Flooding: Unsung heroes at work daily in Dales rivers

Broken bridges, ruined businesses, water-logged living rooms and lost possessions, everywhere you look residents have rallied to the cause with the support of the emergency services and, sometimes, the armed forces.

Monday, 18th January 2016, 10:03 am
Updated Monday, 18th January 2016, 10:09 am
Dan Turner, left, of the Yorkshire Dales River Trust after successfully completing 'willow spiling' at a river.

But spare a thought for the small band of people in North Yorkshire who spend most days of every year in sodden fields and rivers in their wellies doing their bit to improve our river system.

In the process they do very tangible things to support habitat and wildlife as well as, importantly, helping reduce the risk of flooding.

One quiet hero is Dan Turner of Yorkshire Dales River Trust, a charitable group whose watchword is working to enhance and protect the rivers of the Yorkshire Dales for the benefit of everyone.

Volunteers helping Yorkshire Dales Rivers Trust.

Based in Grassington, this busy 26-year-old farmer’s son is a part of a team of just two full-time and one part-time staff members augmented by a hardy band of volunteers unafraid of getting their hands dirty.

If Dan’s not visiting a school showing pupils how rivers work and what they can do to improve them, he’s most likely to be out in the cold and mud hammering in willow spiles or replacing lost tree cover to stabilise riverbanks and prevent soil erosion.

Dan said: “Water has to come out somewhere. In heavy rainfall it flows downstream from headleads until it hits a pinch point at a town or village.

“Historically, rivers have often been deliberately straightened. But that affects their natural behaviour. Rivers need friction and roughness in them. It’s also good for the habitat and wildlife.

Volunteers helping Yorkshire Dales Rivers Trust.

"The most important thing is to slow the flow of water down in the headlands and increase the natural amount of wetlands so rainfall doesn’t go downstream.

The Yorkshire Dales River Trust’s brief is an ambitious one.

It covers all the main rivers in our region - from the Swale in the north near Richmond, the Wharfe to the west near Grassington, the Ure near Ripon, the Nidd near Pateley Bridge and Harrogate all the way down to the Ouse in the south.

‘Sustainable river systems’ may not sound sexy but, in terms of flood defences, it’s an idea whose time may have come.

Earlier this week, Baroness McIntosh, vice president of the Association of Drainage Authorities, proclaimed that schemes to slow the flow of rivers like the one which saved Pickering from serious flooding could be more cost-effective than major infrastructure projects.

It’s something the Yorkshire Dales River Trust has been pushing for since it was first launched in 1994.

Dan said: “It’s been a terrible winter, a very hard one for communities across the region .
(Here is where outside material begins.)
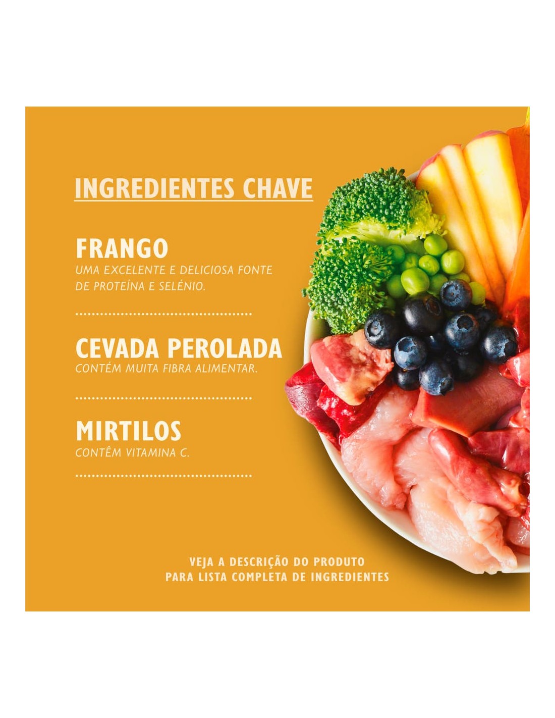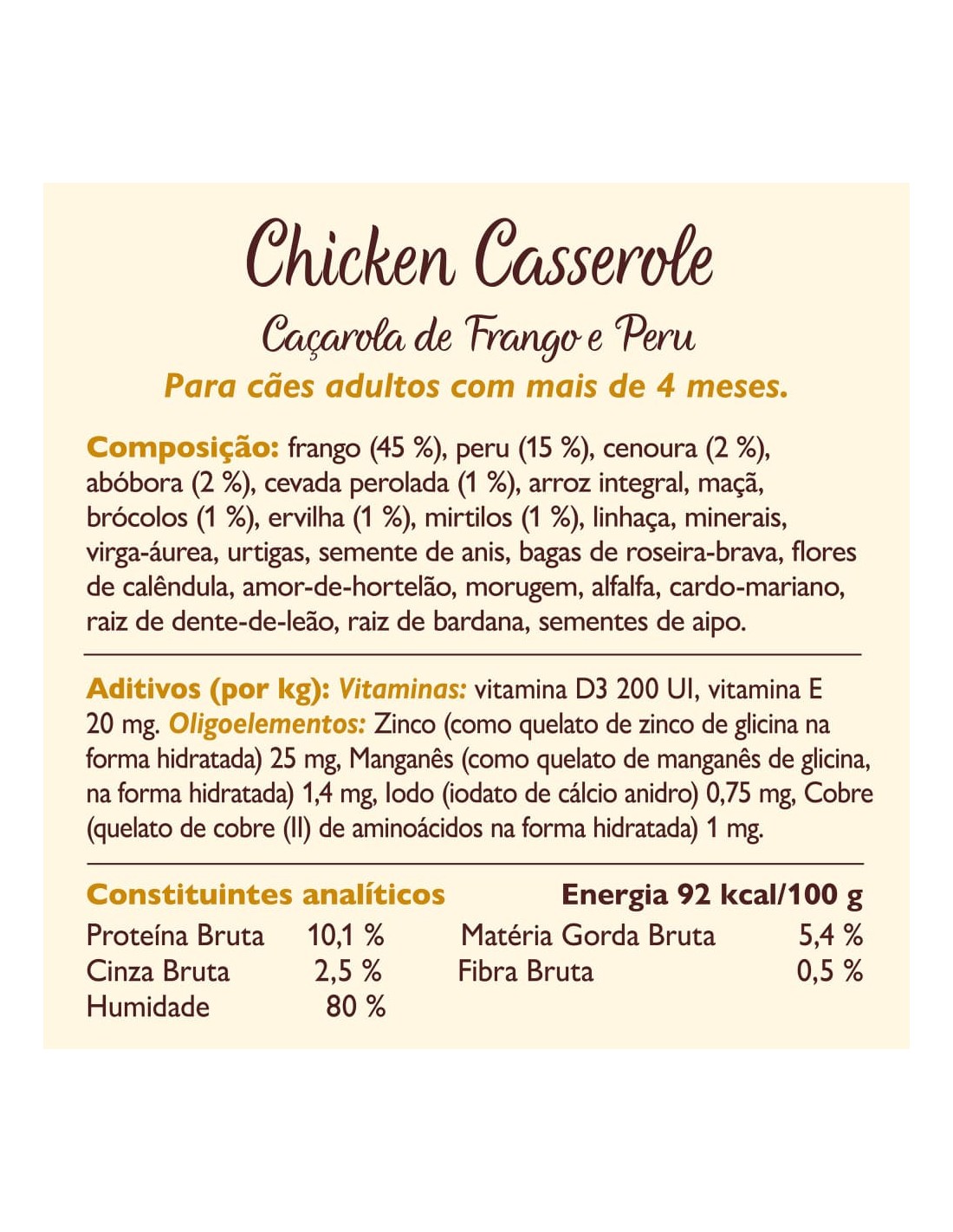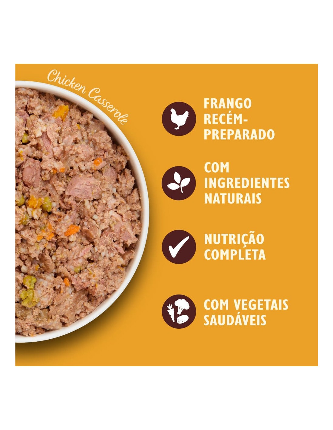 Alimento em patê elaborado com frango fresco e peru, arroz integral, vegetais e frutas - maçãs, brócolos, ervilhas e amoras e com uma combinação única de ervas aromáticas.

“Creating sustainable river systems has so many more benefits than putting up concrete walls to protect houses. which have a cost implication. There might come a point where the walls will not be high enough, anyway.

“A long-term approach is going to have a long-term benefits.”
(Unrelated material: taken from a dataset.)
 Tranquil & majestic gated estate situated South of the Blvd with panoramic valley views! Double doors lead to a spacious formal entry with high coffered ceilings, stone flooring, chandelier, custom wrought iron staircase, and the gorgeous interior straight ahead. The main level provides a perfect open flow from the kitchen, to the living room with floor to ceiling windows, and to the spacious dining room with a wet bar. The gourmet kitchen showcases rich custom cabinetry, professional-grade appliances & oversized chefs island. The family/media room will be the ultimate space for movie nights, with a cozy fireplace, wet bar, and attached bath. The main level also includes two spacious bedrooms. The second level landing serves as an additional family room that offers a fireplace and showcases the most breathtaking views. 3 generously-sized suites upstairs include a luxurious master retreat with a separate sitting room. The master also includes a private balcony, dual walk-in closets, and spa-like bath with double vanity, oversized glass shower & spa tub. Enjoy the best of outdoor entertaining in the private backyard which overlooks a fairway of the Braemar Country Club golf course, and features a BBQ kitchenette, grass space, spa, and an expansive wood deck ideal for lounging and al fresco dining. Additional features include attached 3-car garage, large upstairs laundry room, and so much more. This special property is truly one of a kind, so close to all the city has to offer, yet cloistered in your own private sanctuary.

Dan said it would be wrong to think of the YDRT and its small band of volunteers as a lone army in this battle of the environment.

In fact, it’s just the opposite.

Funded mainly by a combination of public donations and grants from the Environment Agency in response to the EU Water Framework Directive Objective, the YDRT’s aims require it to work in the same field, sometimes literally, as groups such as The Woodland Trust, Wildlife Trust, Natural England, the NFU and the AONB.

Originally from Eden Valley near Penrith in Cumbria, he studied environmental science at Leeds University, having done voluntary work as a teenager with the Eden Rivers Trust.

But his biggest inspiration, he says, was his father who runs a mixed farm of milk, sheep and arable growing wheat and barley.

“I used to work with my dad on the farm. He was always keen to improve the river. Farmers get a lot of blame for being destructive to nature but, in general, they’re not actually like that at all. It’s in their own interests to look after the environment.

“My ethos is that rather than farmers and landowners being an issue, they’re the solution to the problem.”.

Rather than cutting communities off from rivers, the Trust works hard at making them open to everyone to enjoy.

Anglers on the Ure near Ripon have been delighted in recent years to see the stocks of salmon and trout rise.

When he’s not at work with the Trust, Dan, who lives in The Yorkshire Dales National Park with his partner Sarah, doesn’t exactly take it easy in his spare-time. He’s a dedicated and talented rock climber and ‘boulderer’ who has even travelled to the USA in search of new challenges.

Some challenges are not surmountable, however.

The Trust may be convinced that a long-term sustainable approach to managing our rivers is a win-win situation all round but not all flooding is preventable.

Dan said: “The rainfall we have experienced this winter is unprecedented. Even small amounts of rainfall have been triggering another flood because the land has already been so saturated.

“With climate change, it’s not a problem which is going to go away any time soon. I really think that all of us collectively doing little things will make a big difference in the end.”